Uh-oh, not so much of a compliment. And it seems like this guy is always thirsty but never desperate. He sees no need to hurry things — but he has to be his own man. What a guy.
I assume the idea with PUA is that there would be more than one girl, but even if there was only one, don’t they realise you don’t just die when you get infected? That there would be an interval where they might infect other people, steepening the curve and so on? No big deal, I guess.
Also, I might just be stupid, but if someone spoke in a vaguely British accent and told me they were from Colchester, I’d be like “That sure sounds like a place in Britain!”

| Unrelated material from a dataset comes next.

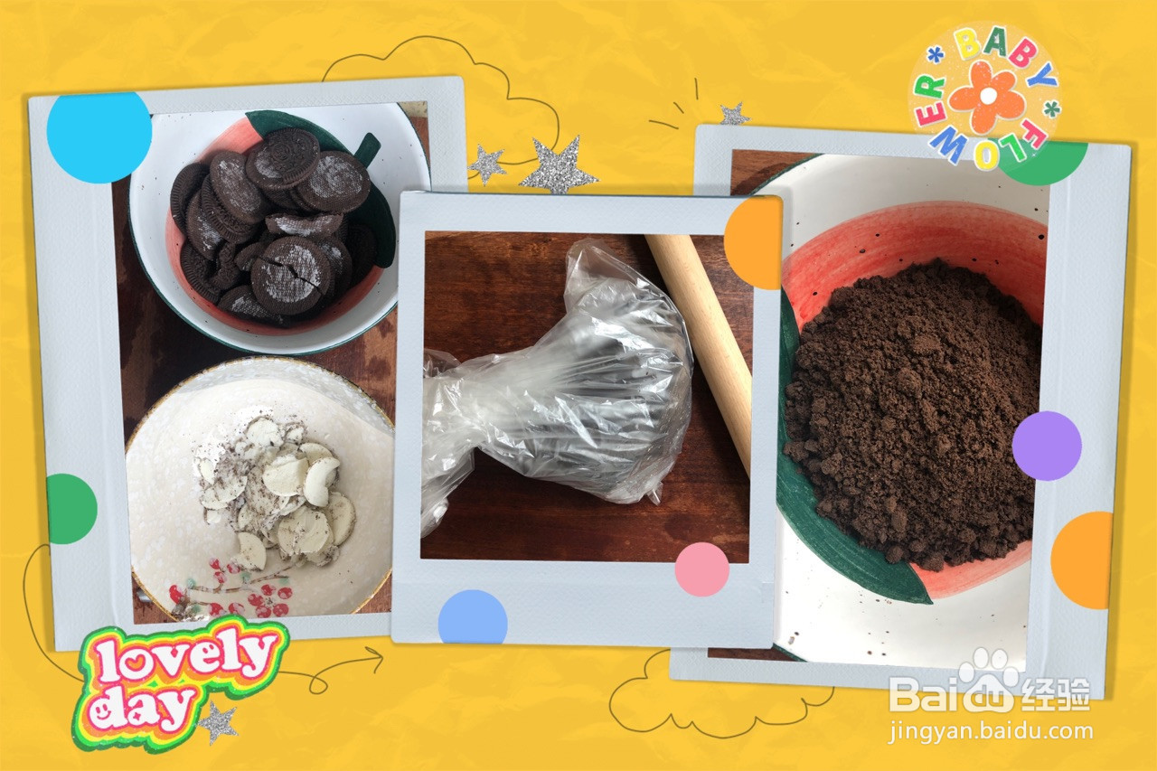 2.将奥利奥饼干的夹心去掉。将饼干装入保鲜袋里,用擀面杖将其打碎。如图3所示,捣碎后备用。

I don’t know where in Eastern Europe this person is, but I’m just saying that to us non-native English speakers, parsing accents can be difficult.
@Kat
Beta fish usually only grow to 7 cm, so I’m not sure how big one has to be to be the biggest beta. But definitely a compliment to be the largest.
@ masse mysteria
If he’s Italian he could pretend to be Roman and call Colchester Camulodunum instead.
Or Colonia Victricensis if we’re being formal.
(Colchester is actually pretty cool if you like history and archaeology)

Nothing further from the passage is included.